(INFORMATION SHOWN Opens)

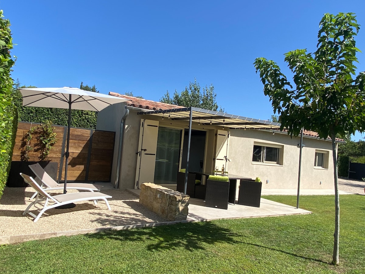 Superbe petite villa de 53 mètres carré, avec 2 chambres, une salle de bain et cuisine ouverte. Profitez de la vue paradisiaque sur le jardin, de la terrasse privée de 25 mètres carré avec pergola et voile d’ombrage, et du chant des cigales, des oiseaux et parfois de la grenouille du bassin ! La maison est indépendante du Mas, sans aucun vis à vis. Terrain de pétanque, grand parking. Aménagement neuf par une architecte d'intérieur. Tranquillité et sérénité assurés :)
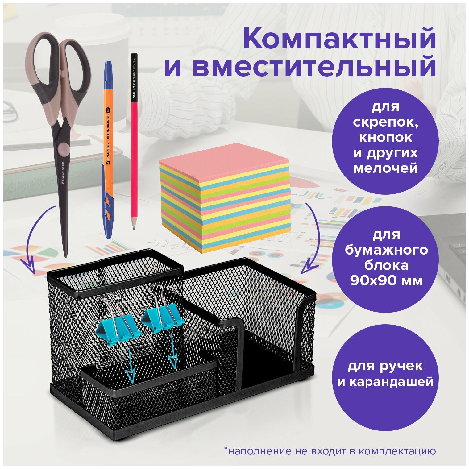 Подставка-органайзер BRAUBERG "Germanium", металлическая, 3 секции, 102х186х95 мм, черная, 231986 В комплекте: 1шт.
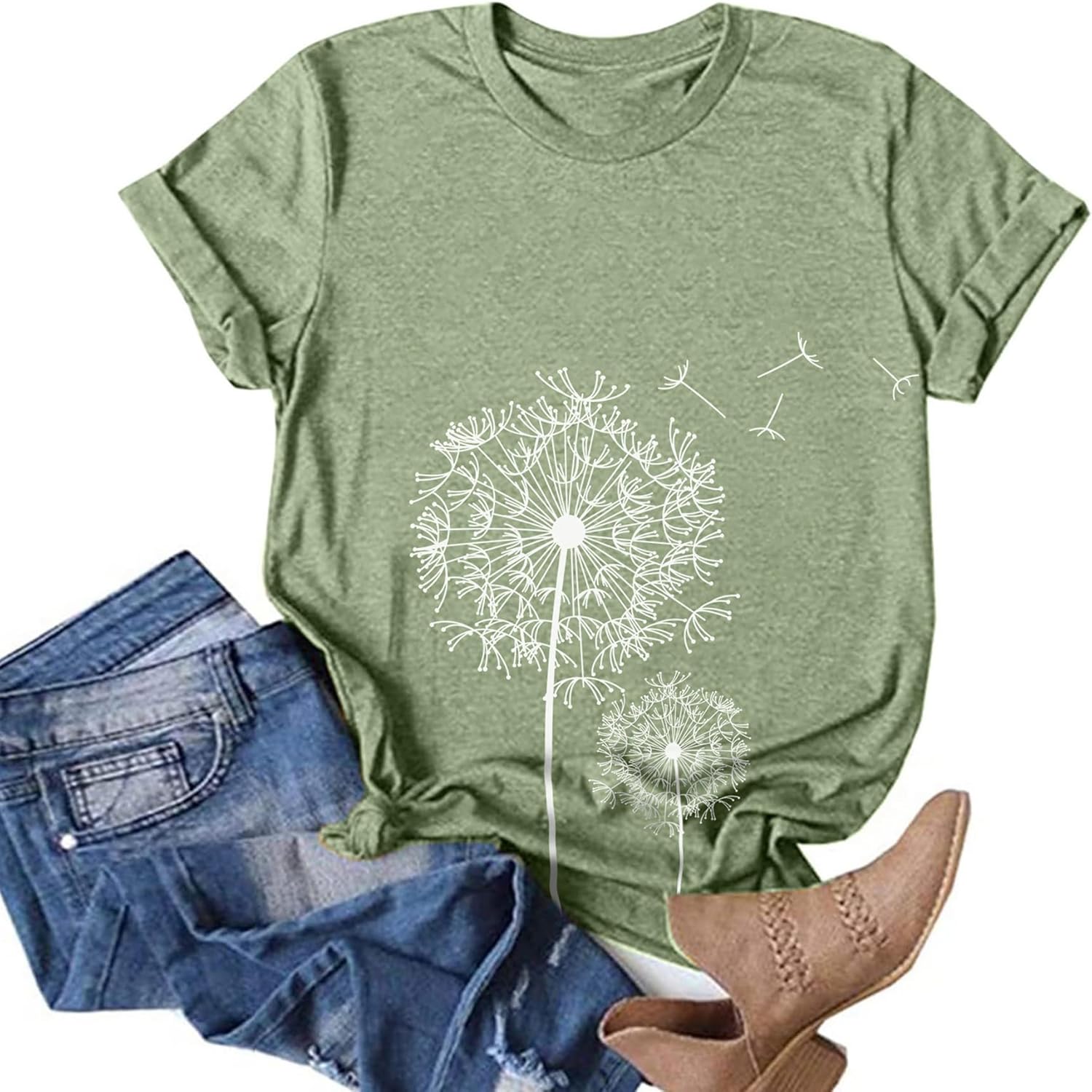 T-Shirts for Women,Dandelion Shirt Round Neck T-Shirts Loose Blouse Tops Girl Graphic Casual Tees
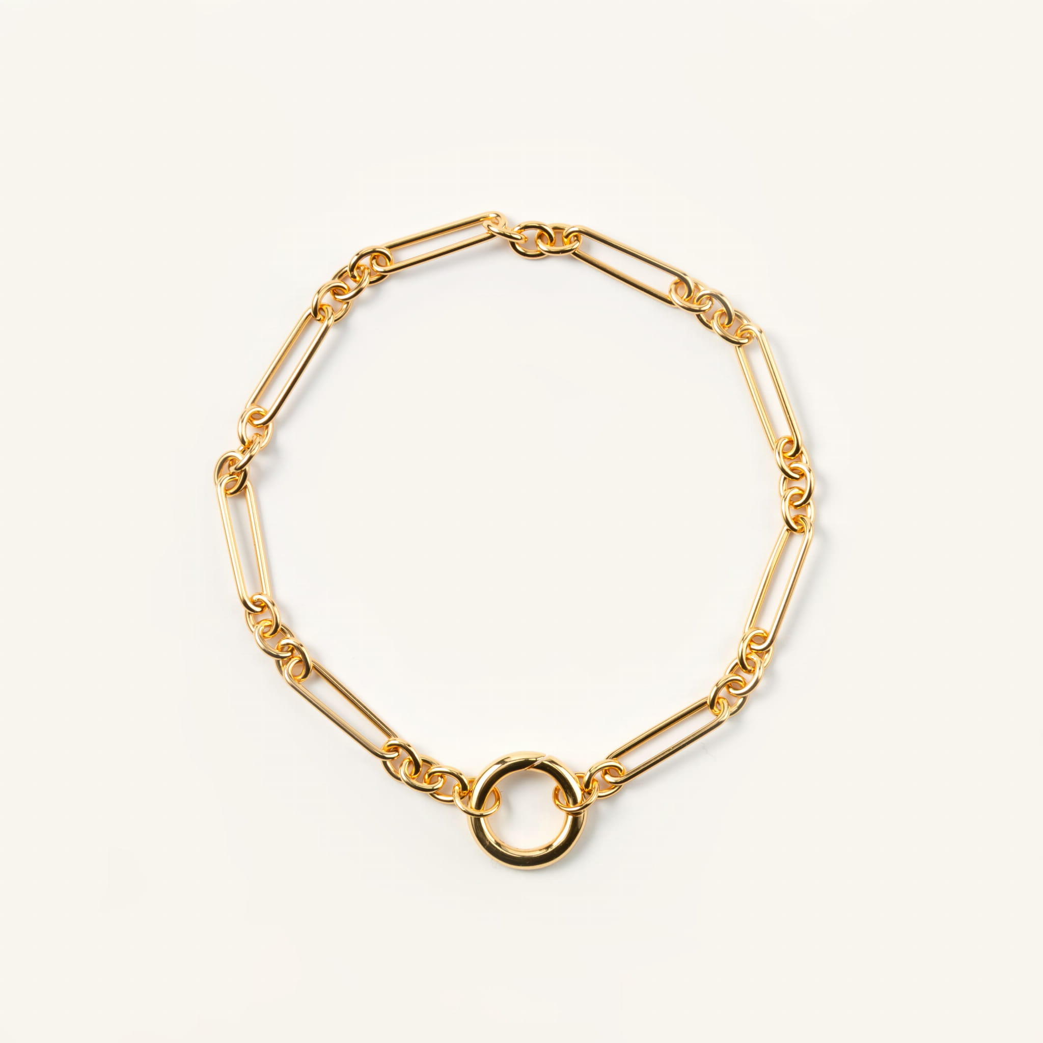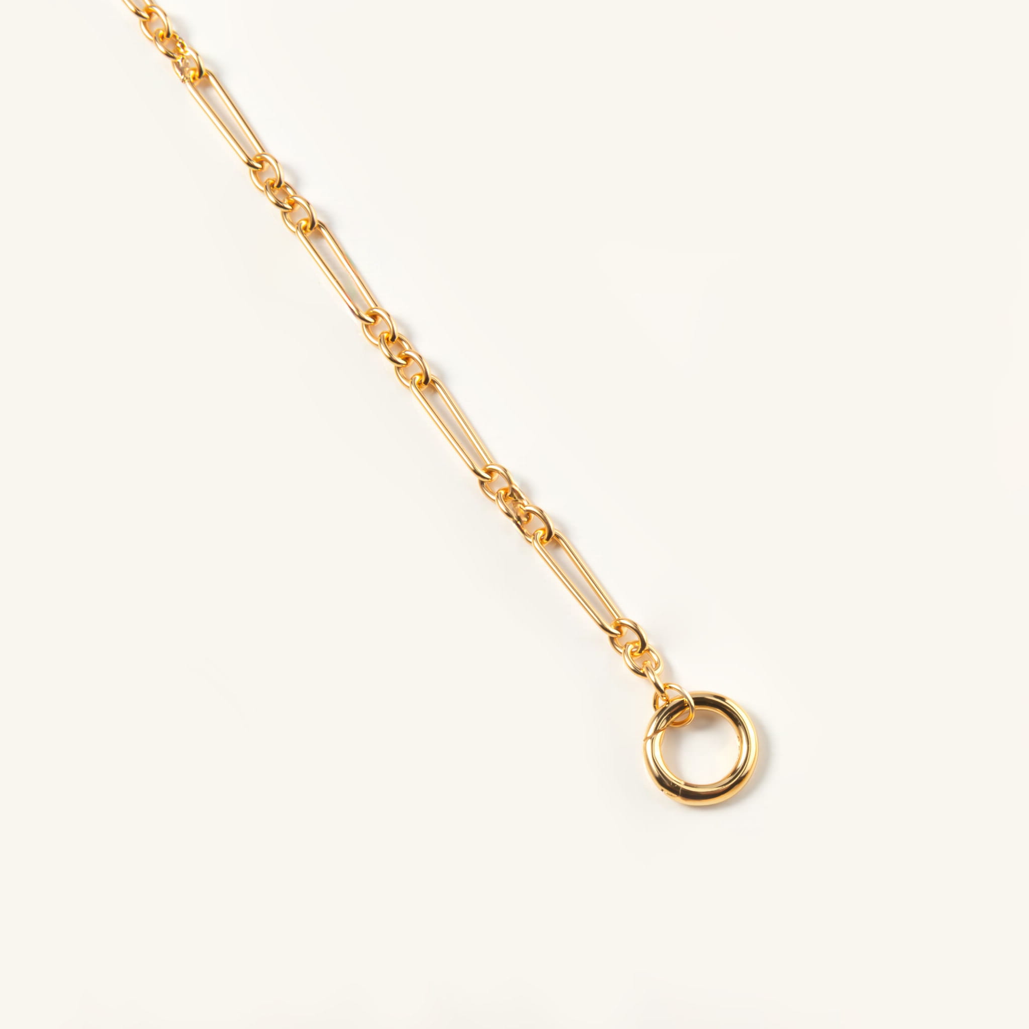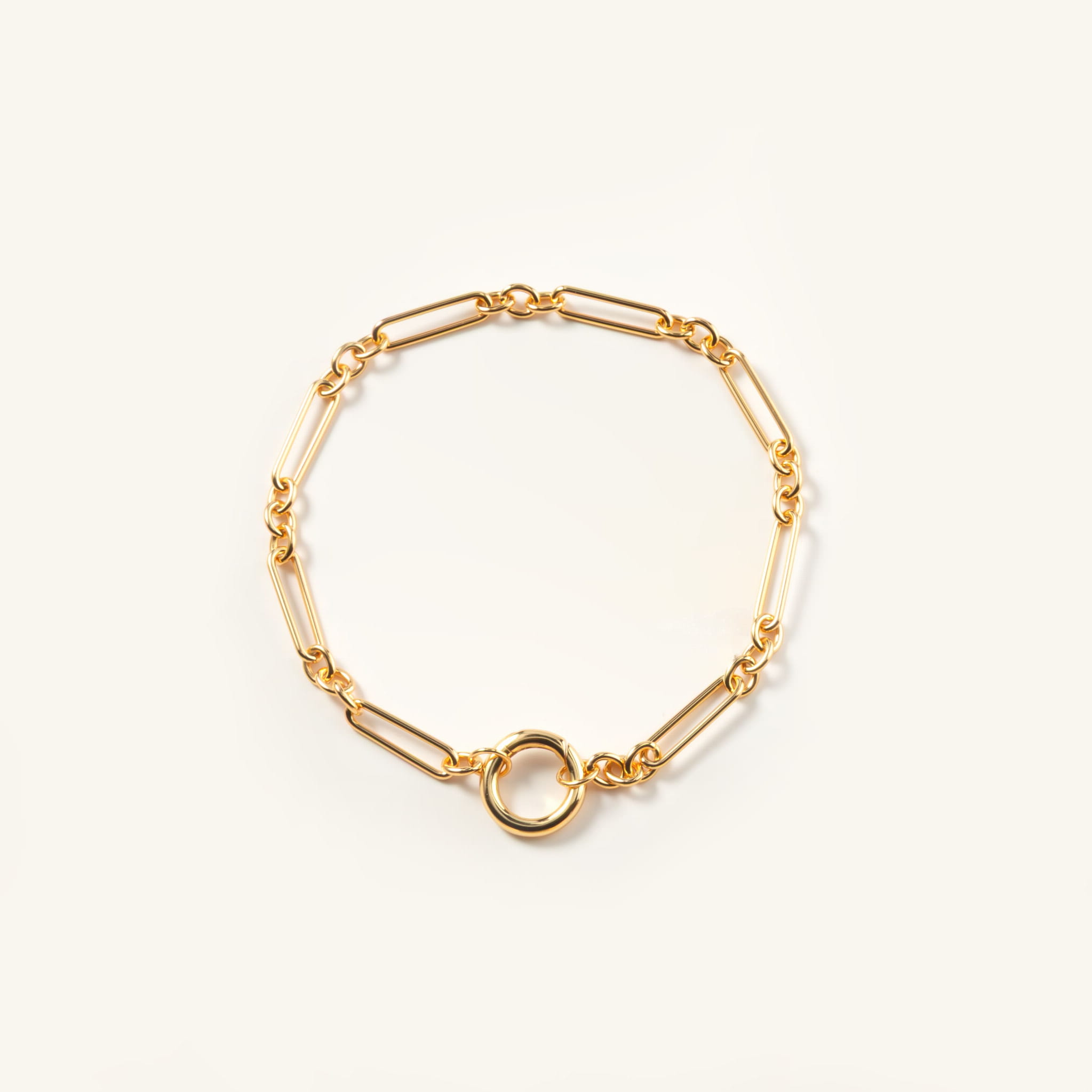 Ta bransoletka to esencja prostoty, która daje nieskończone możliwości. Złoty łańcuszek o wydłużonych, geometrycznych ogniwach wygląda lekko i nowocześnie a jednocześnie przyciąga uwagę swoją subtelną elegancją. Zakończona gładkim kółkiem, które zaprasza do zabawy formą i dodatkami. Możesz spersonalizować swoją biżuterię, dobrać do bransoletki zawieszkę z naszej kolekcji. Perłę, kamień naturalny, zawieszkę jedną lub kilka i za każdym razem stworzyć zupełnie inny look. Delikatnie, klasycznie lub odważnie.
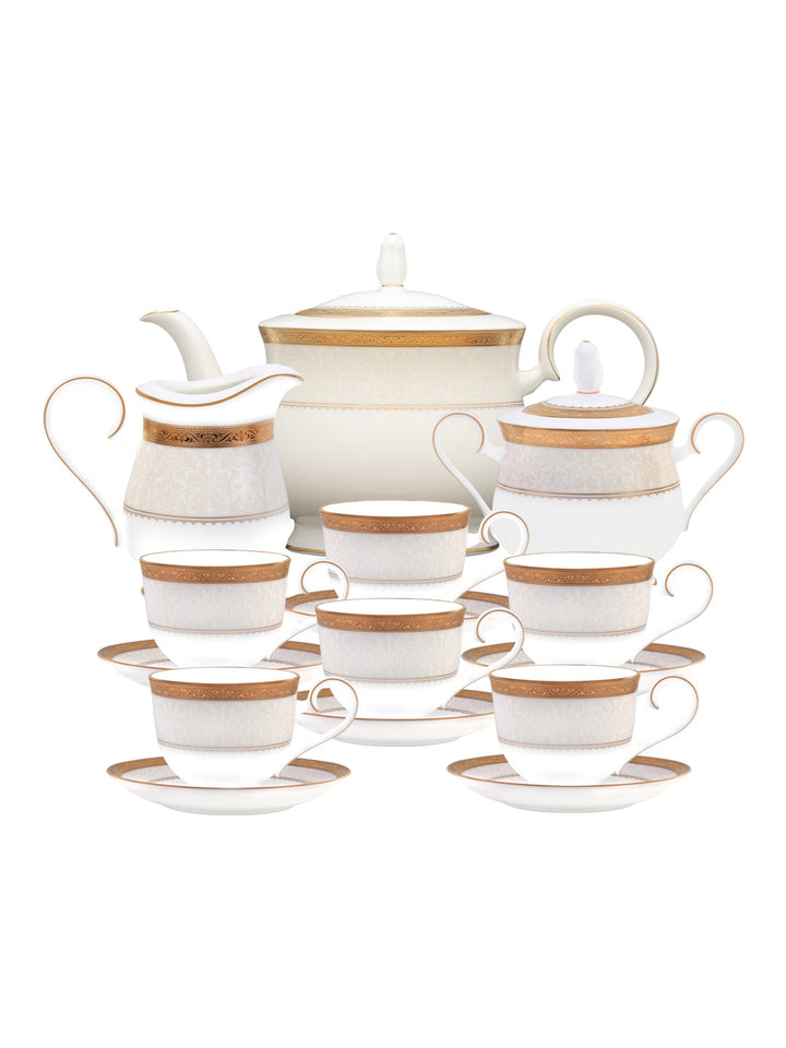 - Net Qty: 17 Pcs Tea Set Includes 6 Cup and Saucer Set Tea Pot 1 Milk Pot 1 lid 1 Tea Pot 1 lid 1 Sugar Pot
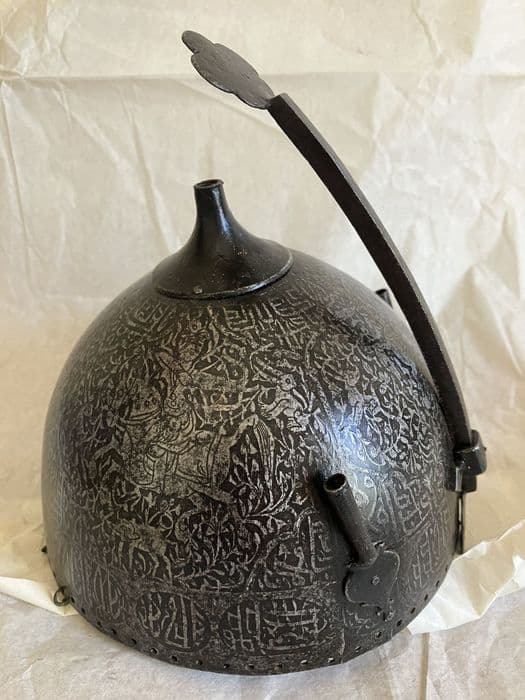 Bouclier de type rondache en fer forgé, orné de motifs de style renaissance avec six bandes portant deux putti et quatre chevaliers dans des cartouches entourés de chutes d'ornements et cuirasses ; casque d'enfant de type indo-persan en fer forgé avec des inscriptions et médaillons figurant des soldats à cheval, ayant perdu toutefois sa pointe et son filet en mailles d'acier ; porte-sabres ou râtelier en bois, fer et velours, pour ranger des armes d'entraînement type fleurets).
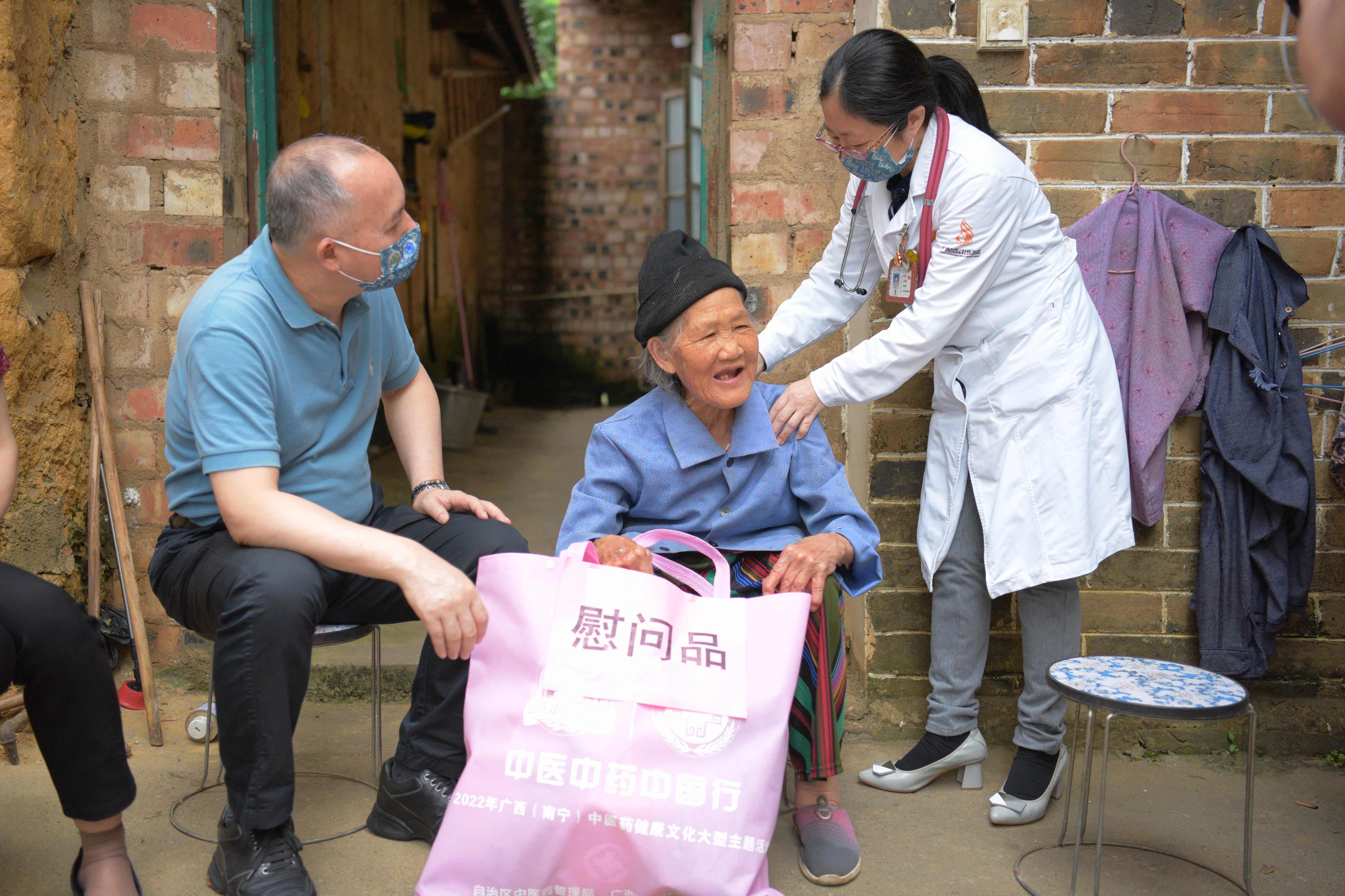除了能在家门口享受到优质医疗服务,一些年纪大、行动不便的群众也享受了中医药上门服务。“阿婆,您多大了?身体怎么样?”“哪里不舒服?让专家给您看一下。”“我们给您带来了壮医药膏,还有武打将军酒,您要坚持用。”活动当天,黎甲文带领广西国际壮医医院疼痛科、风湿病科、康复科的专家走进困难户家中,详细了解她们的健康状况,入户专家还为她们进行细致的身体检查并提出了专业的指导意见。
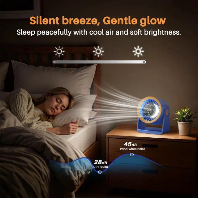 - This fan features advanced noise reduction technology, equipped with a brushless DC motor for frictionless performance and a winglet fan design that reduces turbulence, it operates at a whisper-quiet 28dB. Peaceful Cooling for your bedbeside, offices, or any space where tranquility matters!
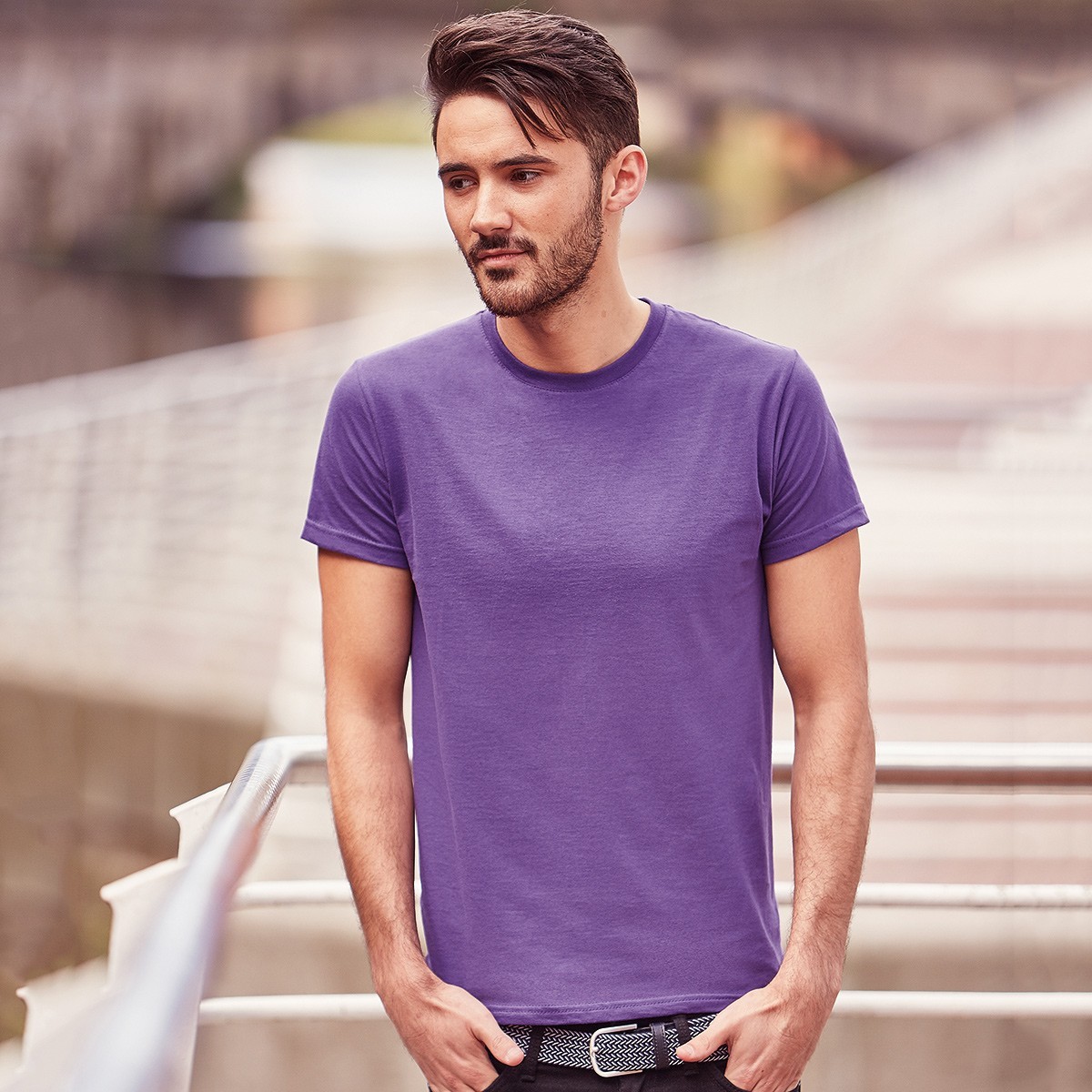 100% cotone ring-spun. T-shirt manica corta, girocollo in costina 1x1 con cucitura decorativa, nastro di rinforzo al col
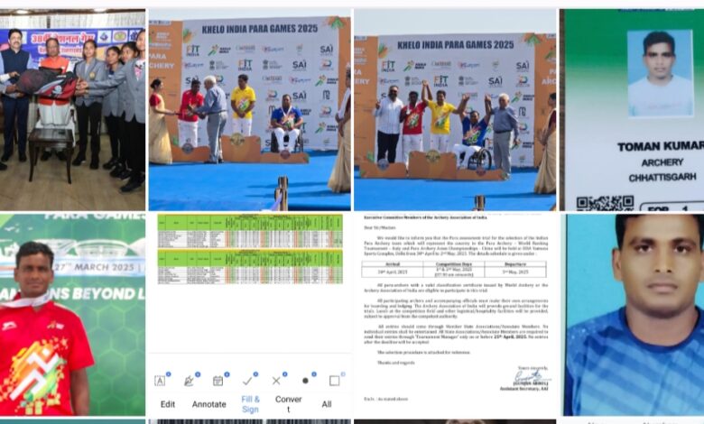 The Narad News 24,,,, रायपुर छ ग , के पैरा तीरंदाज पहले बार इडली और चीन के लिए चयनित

(INFORMATION SHOWN Closes)

# [TASK TO CARRY OUT]
The records above should be written out in full and unchanged, except that pictures are dropped.

# [SOLUTION]
 Superbe petite villa de 53 mètres carré, avec 2 chambres, une salle de bain et cuisine ouverte. Profitez de la vue paradisiaque sur le jardin, de la terrasse privée de 25 mètres carré avec pergola et voile d’ombrage, et du chant des cigales, des oiseaux et parfois de la grenouille du bassin ! La maison est indépendante du Mas, sans aucun vis à vis. Terrain de pétanque, grand parking. Aménagement neuf par une architecte d'intérieur. Tranquillité et sérénité assurés :)
 Подставка-органайзер BRAUBERG "Germanium", металлическая, 3 секции, 102х186х95 мм, черная, 231986 В комплекте: 1шт.
 T-Shirts for Women,Dandelion Shirt Round Neck T-Shirts Loose Blouse Tops Girl Graphic Casual Tees
 Ta bransoletka to esencja prostoty, która daje nieskończone możliwości. Złoty łańcuszek o wydłużonych, geometrycznych ogniwach wygląda lekko i nowocześnie a jednocześnie przyciąga uwagę swoją subtelną elegancją. Zakończona gładkim kółkiem, które zaprasza do zabawy formą i dodatkami. Możesz spersonalizować swoją biżuterię, dobrać do bransoletki zawieszkę z naszej kolekcji. Perłę, kamień naturalny, zawieszkę jedną lub kilka i za każdym razem stworzyć zupełnie inny look. Delikatnie, klasycznie lub odważnie.
 - Net Qty: 17 Pcs Tea Set Includes 6 Cup and Saucer Set Tea Pot 1 Milk Pot 1 lid 1 Tea Pot 1 lid 1 Sugar Pot
 Bouclier de type rondache en fer forgé, orné de motifs de style renaissance avec six bandes portant deux putti et quatre chevaliers dans des cartouches entourés de chutes d'ornements et cuirasses ; casque d'enfant de type indo-persan en fer forgé avec des inscriptions et médaillons figurant des soldats à cheval, ayant perdu toutefois sa pointe et son filet en mailles d'acier ; porte-sabres ou râtelier en bois, fer et velours, pour ranger des armes d'entraînement type fleurets).
除了能在家门口享受到优质医疗服务,一些年纪大、行动不便的群众也享受了中医药上门服务。“阿婆,您多大了?身体怎么样?”“哪里不舒服?让专家给您看一下。”“我们给您带来了壮医药膏,还有武打将军酒,您要坚持用。”活动当天,黎甲文带领广西国际壮医医院疼痛科、风湿病科、康复科的专家走进困难户家中,详细了解她们的健康状况,入户专家还为她们进行细致的身体检查并提出了专业的指导意见。
 - This fan features advanced noise reduction technology, equipped with a brushless DC motor for frictionless performance and a winglet fan design that reduces turbulence, it operates at a whisper-quiet 28dB. Peaceful Cooling for your bedbeside, offices, or any space where tranquility matters!
 100% cotone ring-spun. T-shirt manica corta, girocollo in costina 1x1 con cucitura decorativa, nastro di rinforzo al col
 The Narad News 24,,,, रायपुर छ ग , के पैरा तीरंदाज पहले बार इडली और चीन के लिए चयनित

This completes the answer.